- Prompt -
Nothing but a verbatim copy of the data, minus the images, should be returned.

[Stored data entries]

=== Begin Enclosure ===

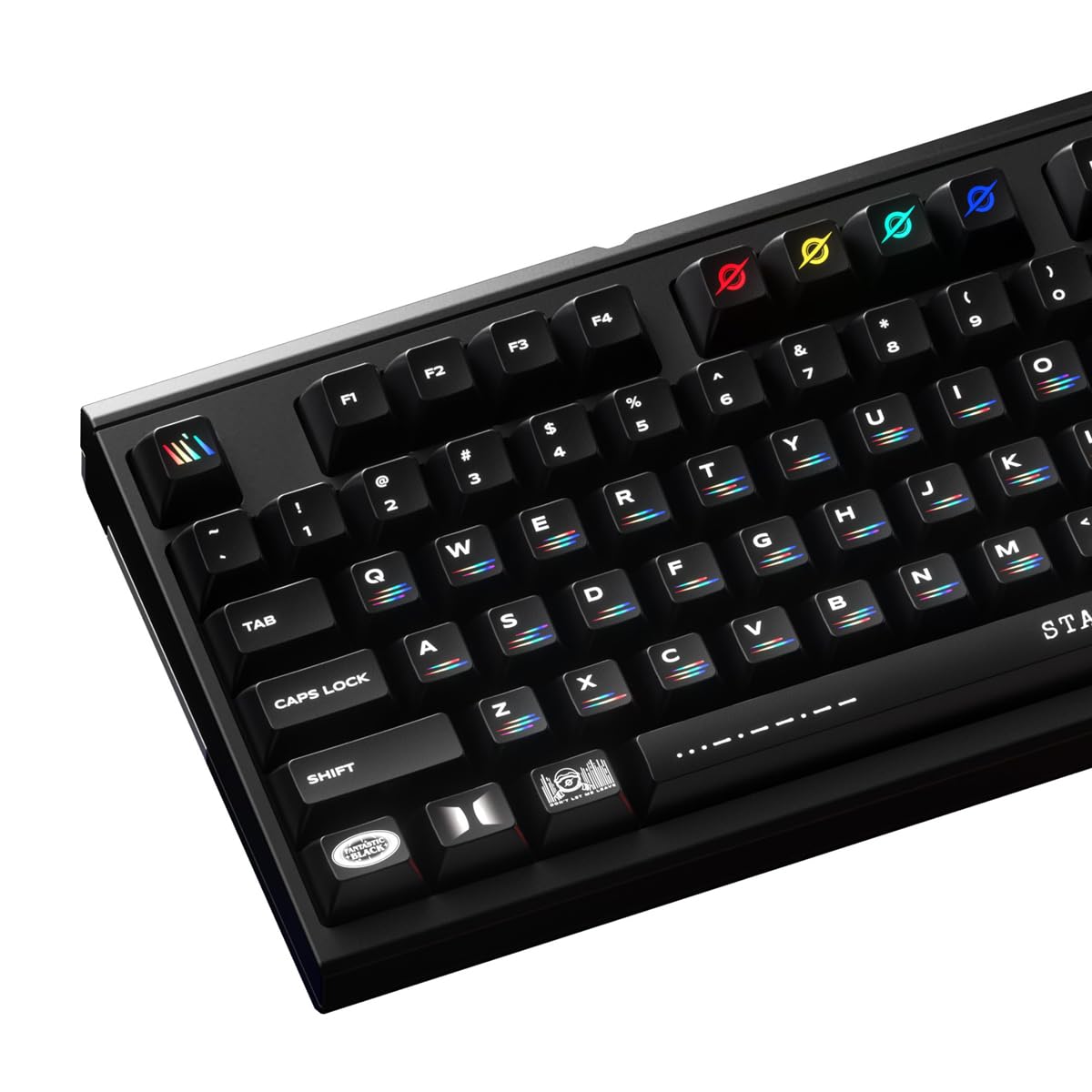 Q: Are these keycaps compatible with my mechanical keyboard?A: Yes, the Interstellar Theme keycaps are designed to fit Cherry MX switches and are compatible with various keyboard layouts, including 61, 87, 104, and 108 keys. Please ensure that your keyboard meets Cherry specifications before purchasing.
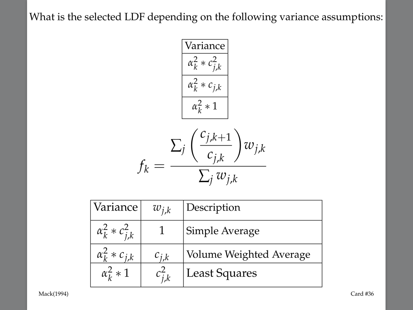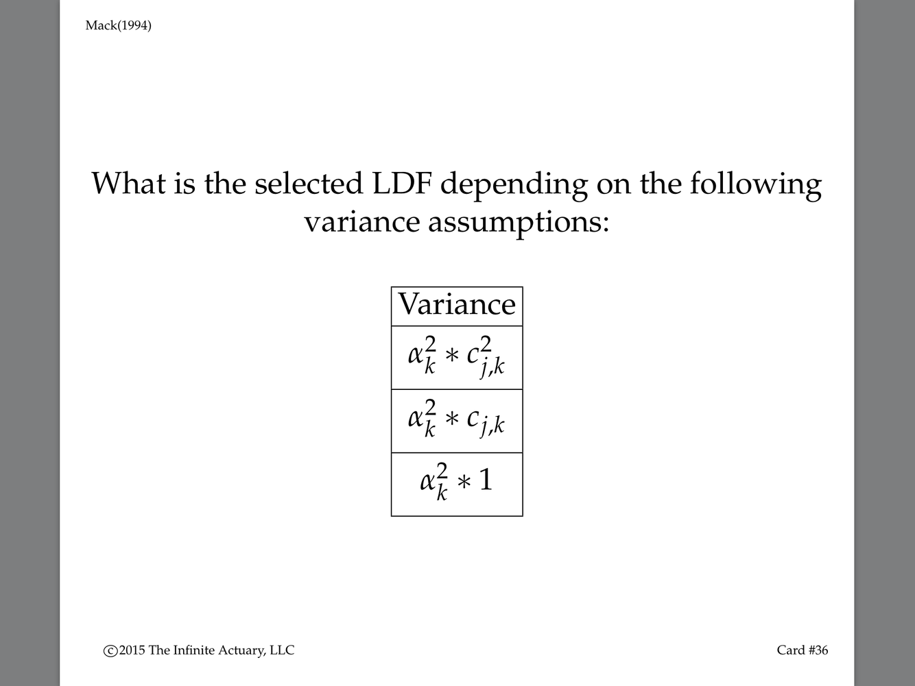 Provide 3 different variance assumptions for Cik
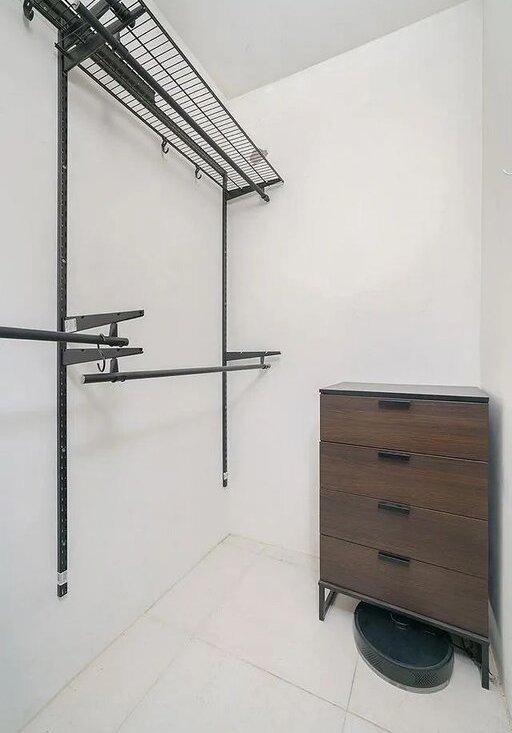 Вторая гардеробная большая и многофункциональная. Там находятся стиральная и сушильная машинки на 10 кг, мощный стационарный отпариватель для одежды.
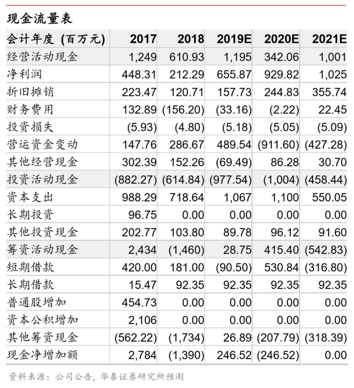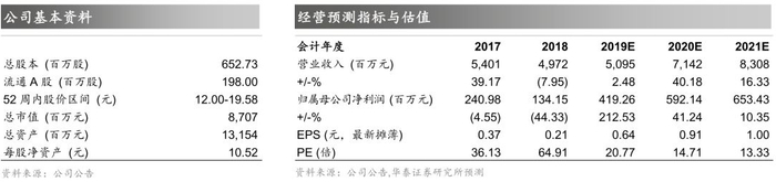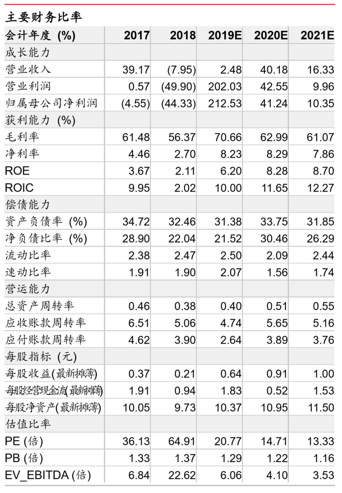根据前述相关假设,我们预计公司2019-2021年归属于母公司股东的净利润为4.19、5.92、6.53亿元,EPS为0.64、0.91、1.00元,PE为20.8、14.7、13.3倍。
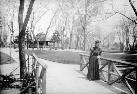 A woman stands on a footbridge that passes over the Merchant’s Mill Ditch at Lincoln Park in the Lincoln Park neighborhood of Denver, Colorado. A covered bandstand is in the distance.
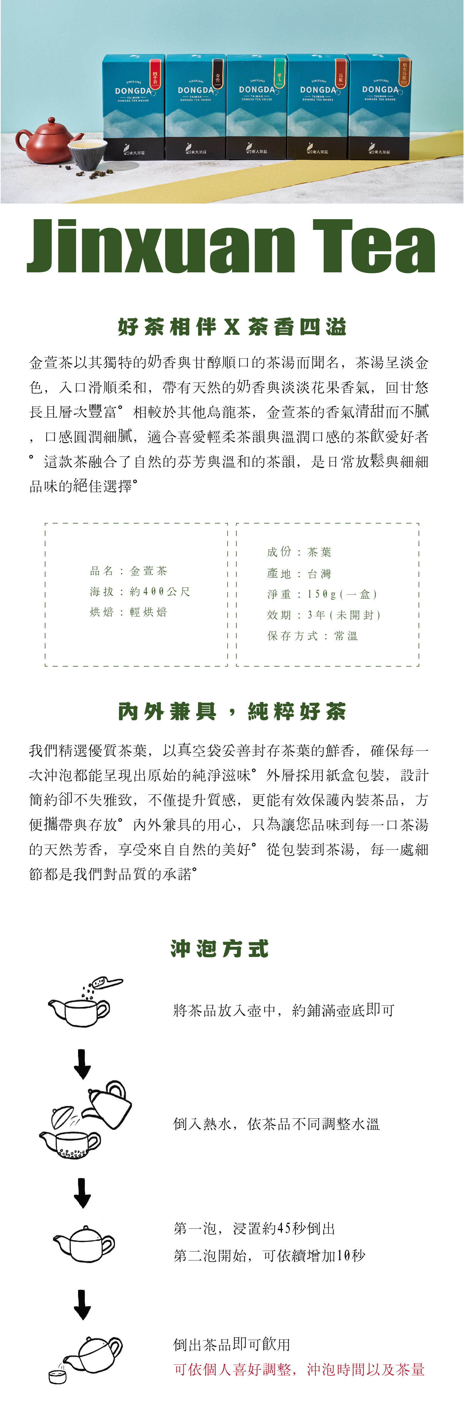 金萱茶以其天然奶香聞名,香氣柔和,茶湯滑順甘甜,帶有輕烘焙的溫潤口感。適合喜愛溫潤香氣與甜感的茶友,是近年最受歡迎的品種之一。

=== End Enclosure ===

- Answer below -
 Q: Are these keycaps compatible with my mechanical keyboard?A: Yes, the Interstellar Theme keycaps are designed to fit Cherry MX switches and are compatible with various keyboard layouts, including 61, 87, 104, and 108 keys. Please ensure that your keyboard meets Cherry specifications before purchasing.
 Provide 3 different variance assumptions for Cik
 Вторая гардеробная большая и многофункциональная. Там находятся стиральная и сушильная машинки на 10 кг, мощный стационарный отпариватель для одежды.
根据前述相关假设,我们预计公司2019-2021年归属于母公司股东的净利润为4.19、5.92、6.53亿元,EPS为0.64、0.91、1.00元,PE为20.8、14.7、13.3倍。
 A woman stands on a footbridge that passes over the Merchant’s Mill Ditch at Lincoln Park in the Lincoln Park neighborhood of Denver, Colorado. A covered bandstand is in the distance.
 金萱茶以其天然奶香聞名,香氣柔和,茶湯滑順甘甜,帶有輕烘焙的溫潤口感。適合喜愛溫潤香氣與甜感的茶友,是近年最受歡迎的品種之一。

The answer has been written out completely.